Record set:
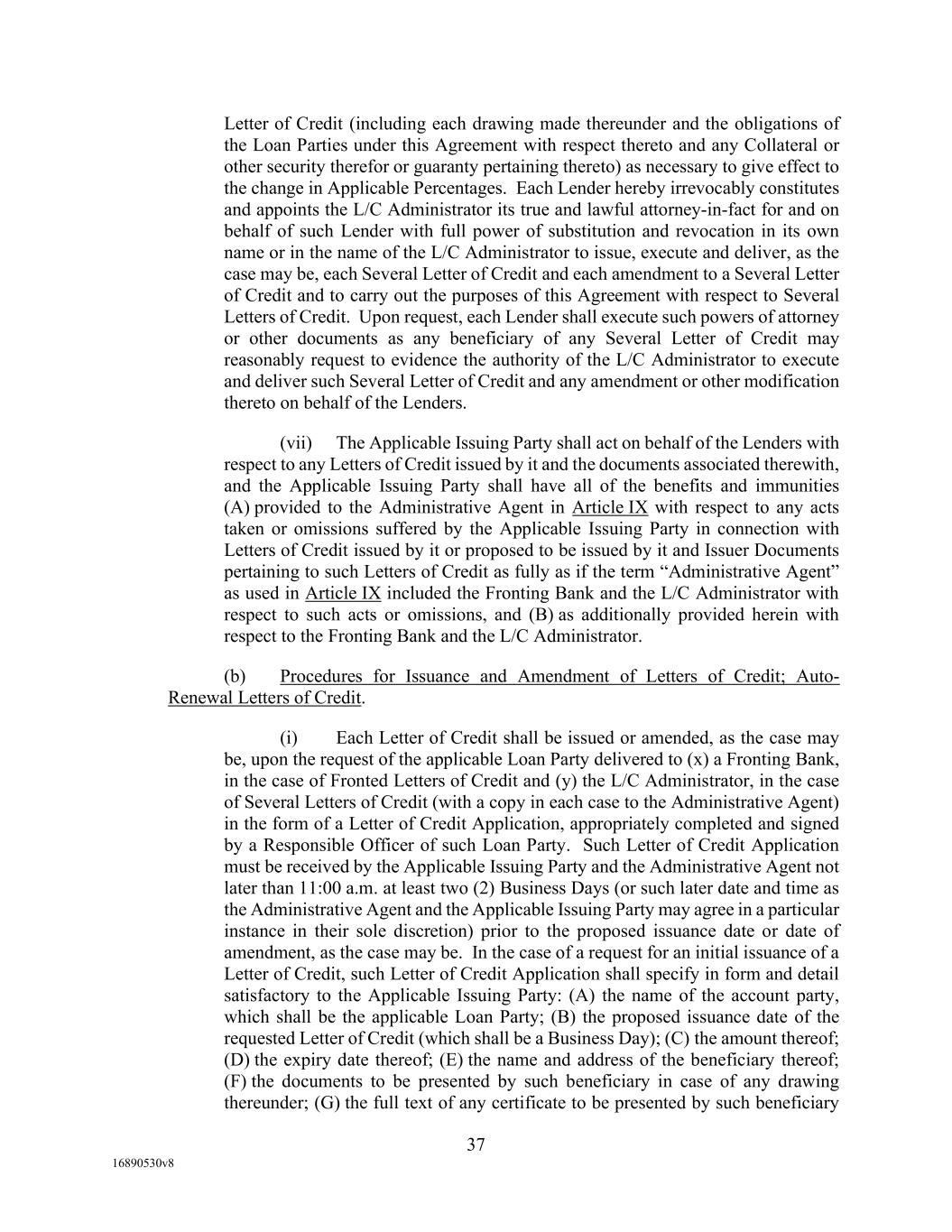 16890530v8 37 Letter of Credit (including each drawing made thereunder and the obligations of the Loan Parties under this Agreement with respect thereto and any Collateral or other security therefor or guaranty pertaining thereto) as necessary to give effect to the change in Applicable Percentages. Each Lender hereby irrevocably constitutes and appoints the L/C Administrator its true and lawful attorney-in-fact for and on behalf of such Lender with full power of substitution and revocation in its own name or in the name of the L/C Administrator to issue, execute and deliver, as the case may be, each Several Letter of Credit and each amendment to a Several Letter of Credit and to carry out the purposes of this Agreement with respect to Several Letters of Credit. Upon request, each Lender shall execute such powers of attorney or other documents as any beneficiary of any Several Letter of Credit may reasonably request to evidence the authority of the L/C Administrator to execute and deliver such Several Letter of Credit and any amendment or other modification thereto on behalf of the Lenders. (vii) The Applicable Issuing Party shall act on behalf of the Lenders with respect to any Letters of Credit issued by it and the documents associated therewith, and the Applicable Issuing Party shall have all of the benefits and immunities (A) provided to the Administrative Agent in Article IX with respect to any acts taken or omissions suffered by the Applicable Issuing Party in connection with Letters of Credit issued by it or proposed to be issued by it and Issuer Documents pertaining to such Letters of Credit as fully as if the term “Administrative Agent” as used in Article IX included the Fronting Bank and the L/C Administrator with respect to such acts or omissions, and (B) as additionally provided herein with respect to the Fronting Bank and the L/C Administrator. (b) Procedures for Issuance and Amendment of Letters of Credit; Auto- Renewal Letters of Credit. (i) Each Letter of Credit shall be issued or amended, as the case may be, upon the request of the applicable Loan Party delivered to (x) a Fronting Bank, in the case of Fronted Letters of Credit and (y) the L/C Administrator, in the case of Several Letters of Credit (with a copy in each case to the Administrative Agent) in the form of a Letter of Credit Application, appropriately completed and signed by a Responsible Officer of such Loan Party. Such Letter of Credit Application must be received by the Applicable Issuing Party and the Administrative Agent not later than 11:00 a.m. at least two (2) Business Days (or such later date and time as the Administrative Agent and the Applicable Issuing Party may agree in a particular instance in their sole discretion) prior to the proposed issuance date or date of amendment, as the case may be. In the case of a request for an initial issuance of a Letter of Credit, such Letter of Credit Application shall specify in form and detail satisfactory to the Applicable Issuing Party: (A) the name of the account party, which shall be the applicable Loan Party; (B) the proposed issuance date of the requested Letter of Credit (which shall be a Business Day); (C) the amount thereof; (D) the expiry date thereof; (E) the name and address of the beneficiary thereof; (F) the documents to be presented by such beneficiary in case of any drawing thereunder; (G) the full text of any certificate to be presented by such beneficiary
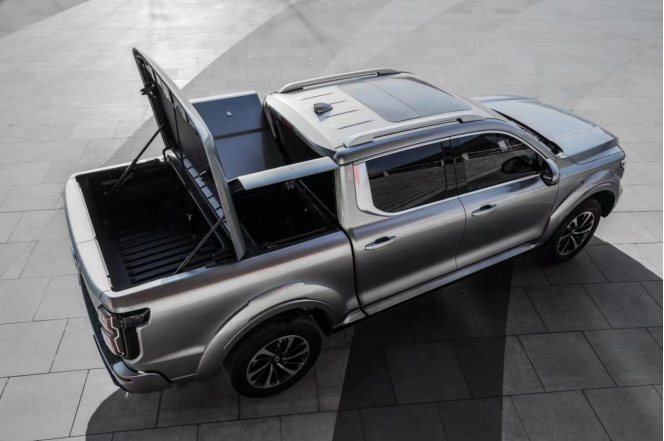 山海炮后车箱采取国内首创三开门平盖式防雨棚,电动控制,可拆卸隔断,增加空间百变性,玩转全场景皮卡生活。
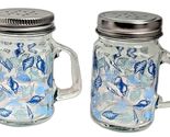 - Seashells Glass Salt Pepper Shakers Stainless-Steel Lid Handle 3.5-in Blue NEW
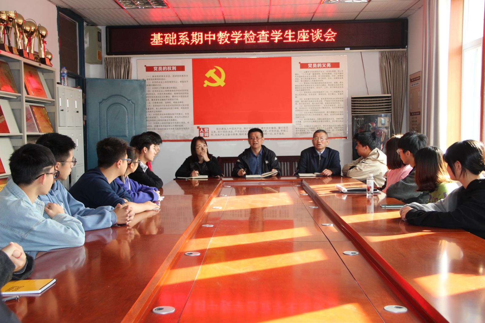 為規范教學環節,提升教學水平,保證教學質量,為學生提供良好的育人環境。根據學校教學工作統一安排,近期,基礎系以隨機聽課、檢查教案、召開學生座談會、教師座談會等形式,落實期中教學檢查工作。
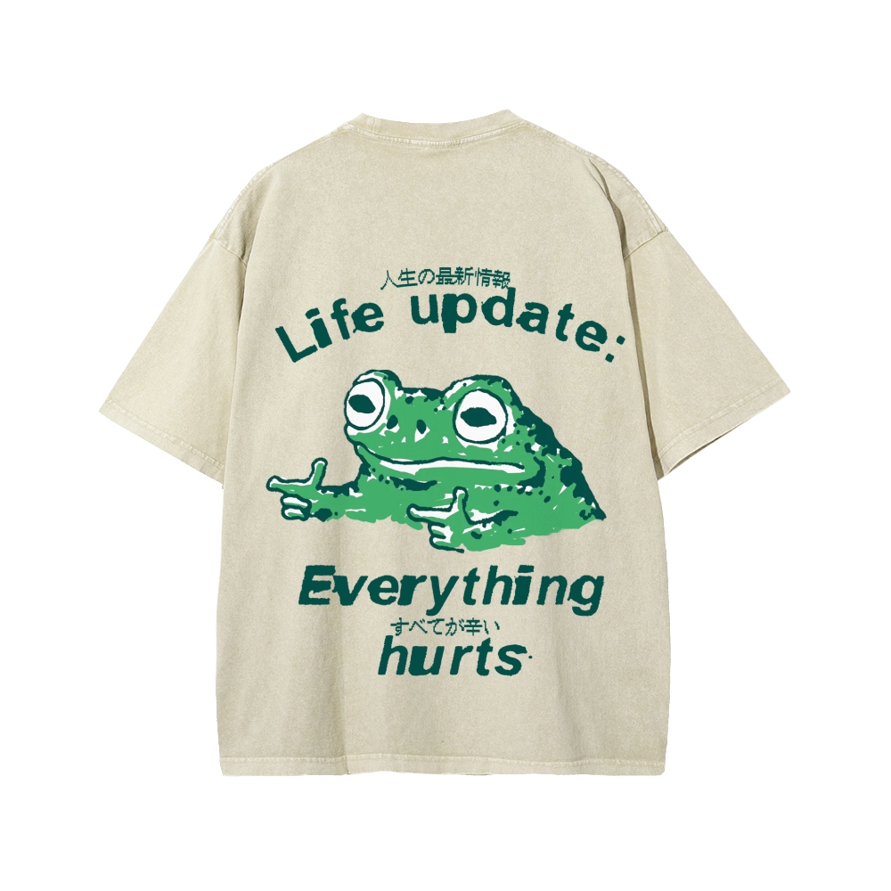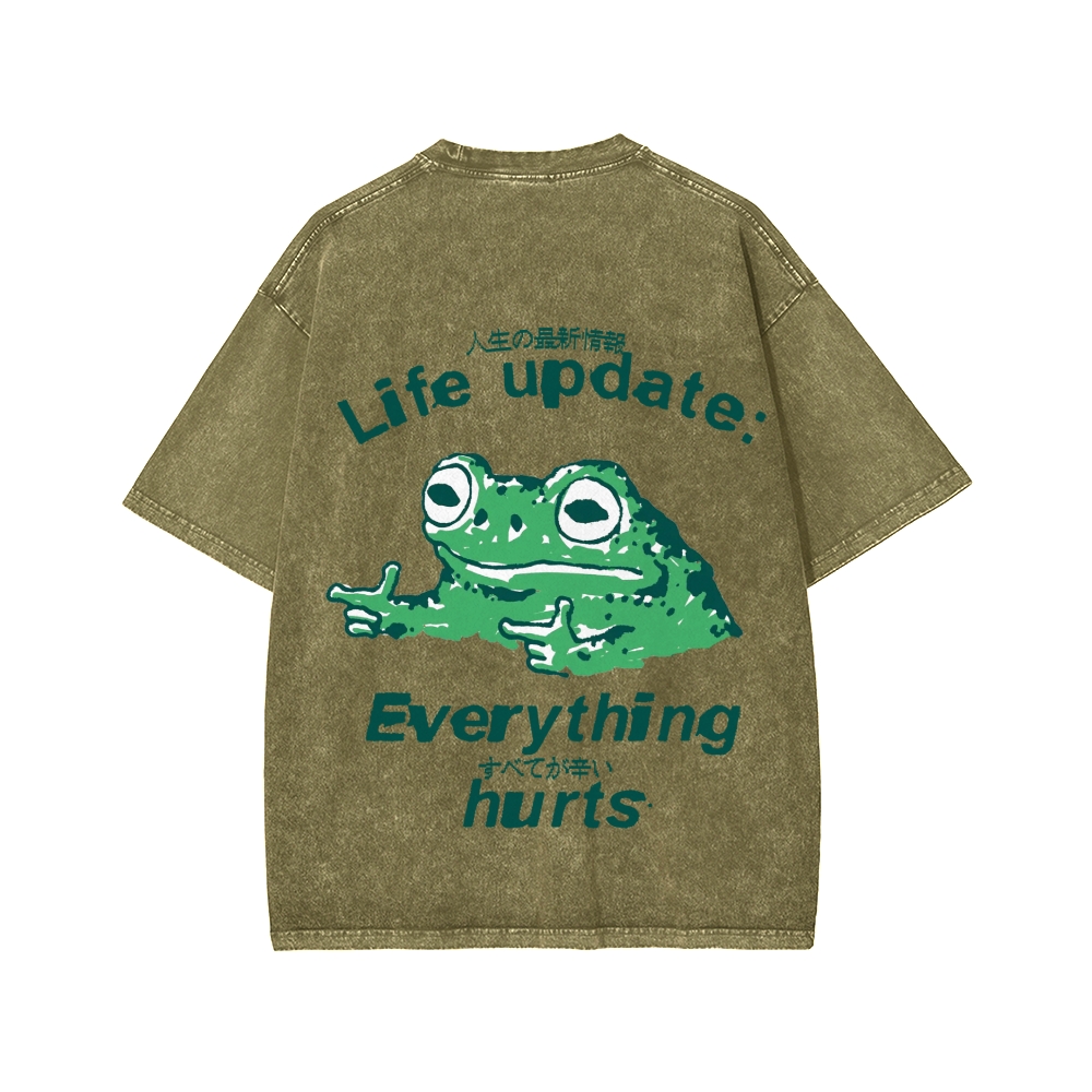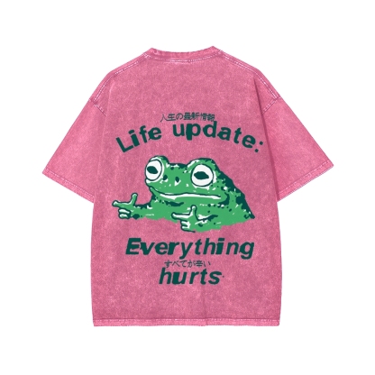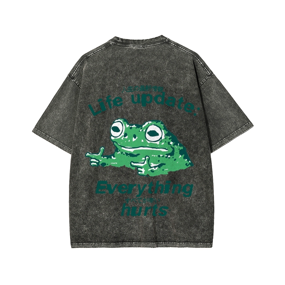 Tokyo-Assassin Everything Hard Frog Front And Back Printing Washed T-shirt

What is being asked: Go to the line containing "山海炮后车箱采取国内首创三开", then write out word for word every line from there to the end of the listing. Keep both end lines and drop the pictures.

Response area:
 山海炮后车箱采取国内首创三开门平盖式防雨棚,电动控制,可拆卸隔断,增加空间百变性,玩转全场景皮卡生活。
 - Seashells Glass Salt Pepper Shakers Stainless-Steel Lid Handle 3.5-in Blue NEW
 為規范教學環節,提升教學水平,保證教學質量,為學生提供良好的育人環境。根據學校教學工作統一安排,近期,基礎系以隨機聽課、檢查教案、召開學生座談會、教師座談會等形式,落實期中教學檢查工作。
 Tokyo-Assassin Everything Hard Frog Front And Back Printing Washed T-shirt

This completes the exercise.